[[ Data open ]]

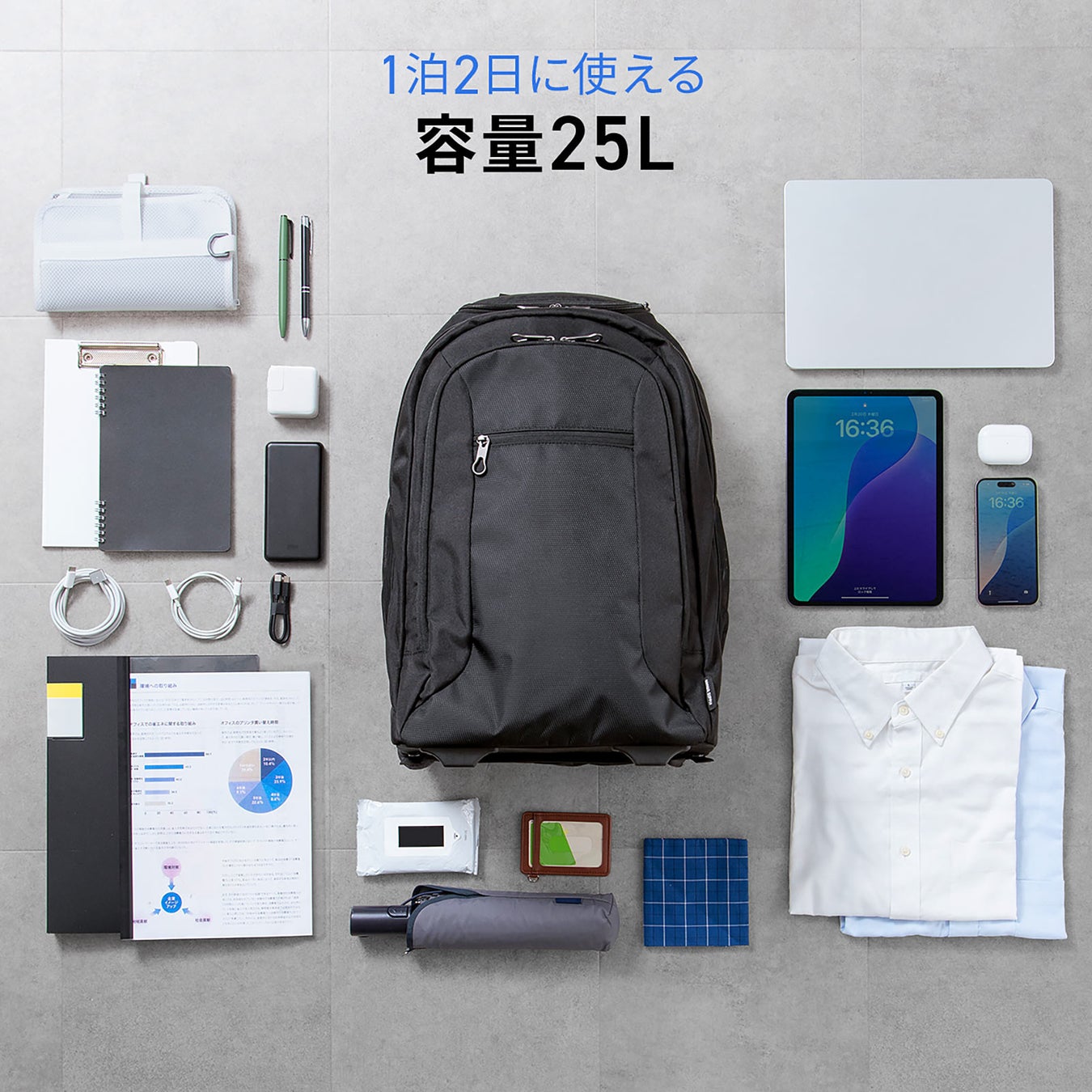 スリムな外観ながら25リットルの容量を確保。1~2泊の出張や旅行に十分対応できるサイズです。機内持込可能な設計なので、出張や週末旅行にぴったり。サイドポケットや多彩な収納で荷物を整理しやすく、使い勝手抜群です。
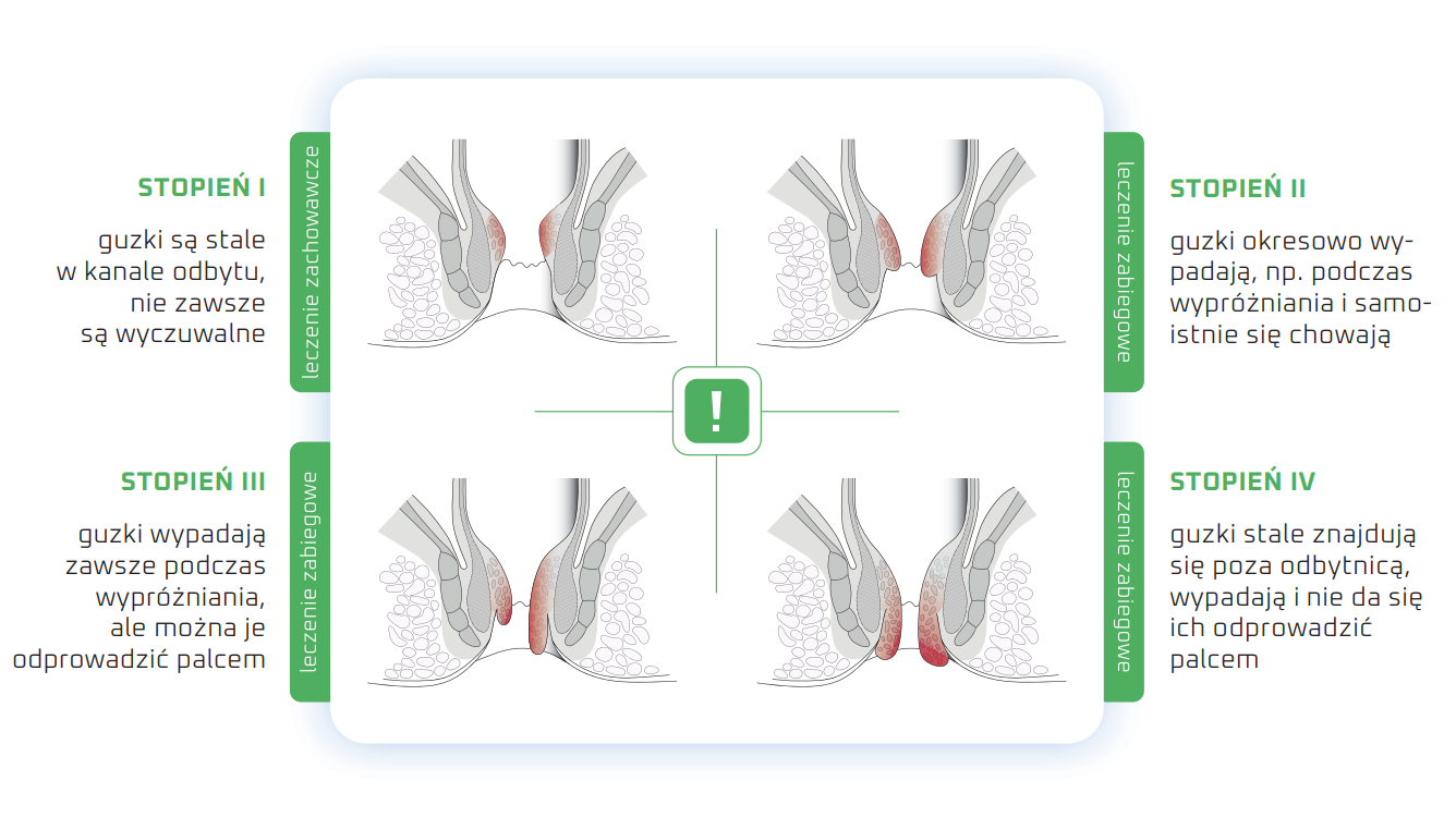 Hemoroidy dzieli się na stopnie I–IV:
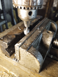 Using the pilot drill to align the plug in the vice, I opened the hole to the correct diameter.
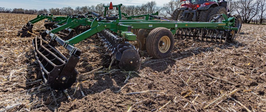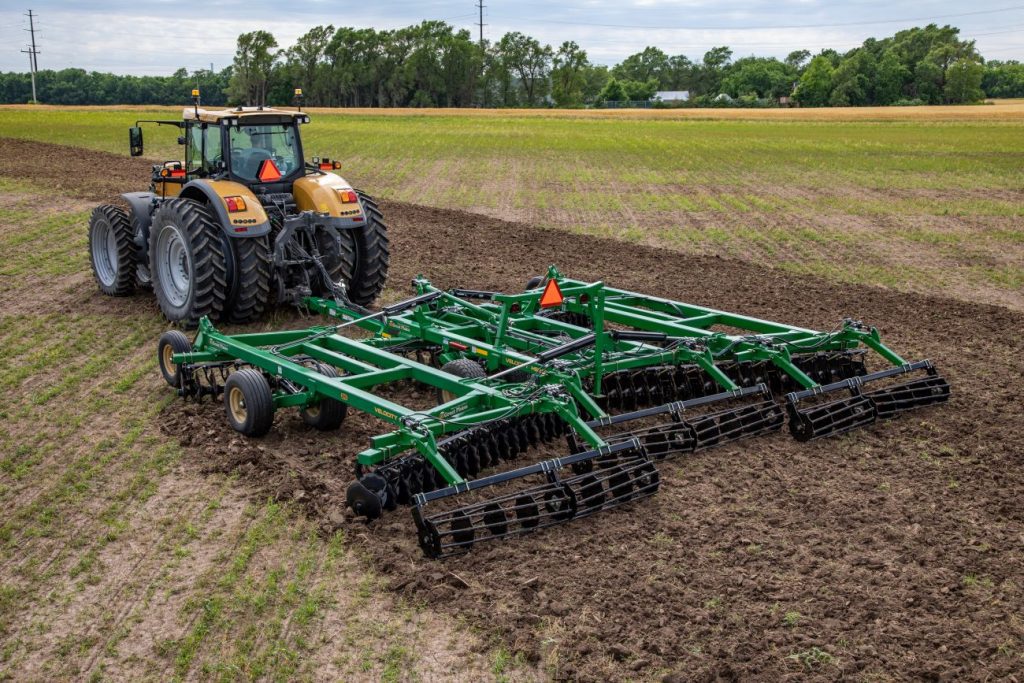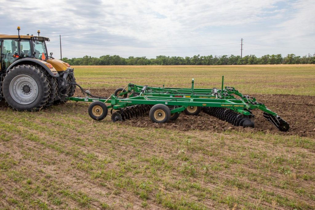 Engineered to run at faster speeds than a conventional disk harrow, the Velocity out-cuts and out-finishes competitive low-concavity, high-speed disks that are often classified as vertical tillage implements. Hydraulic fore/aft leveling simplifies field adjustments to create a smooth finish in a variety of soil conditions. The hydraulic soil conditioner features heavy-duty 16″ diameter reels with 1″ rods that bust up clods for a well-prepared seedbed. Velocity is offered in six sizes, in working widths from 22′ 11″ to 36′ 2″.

[[ Data closed ]]

→ **Task details**: Write out exactly the lines between the start of the data and the line with "Using the pilot", including both, but none of the pictures.

→ **Answer**:
 スリムな外観ながら25リットルの容量を確保。1~2泊の出張や旅行に十分対応できるサイズです。機内持込可能な設計なので、出張や週末旅行にぴったり。サイドポケットや多彩な収納で荷物を整理しやすく、使い勝手抜群です。
 Hemoroidy dzieli się na stopnie I–IV:
 Using the pilot drill to align the plug in the vice, I opened the hole to the correct diameter.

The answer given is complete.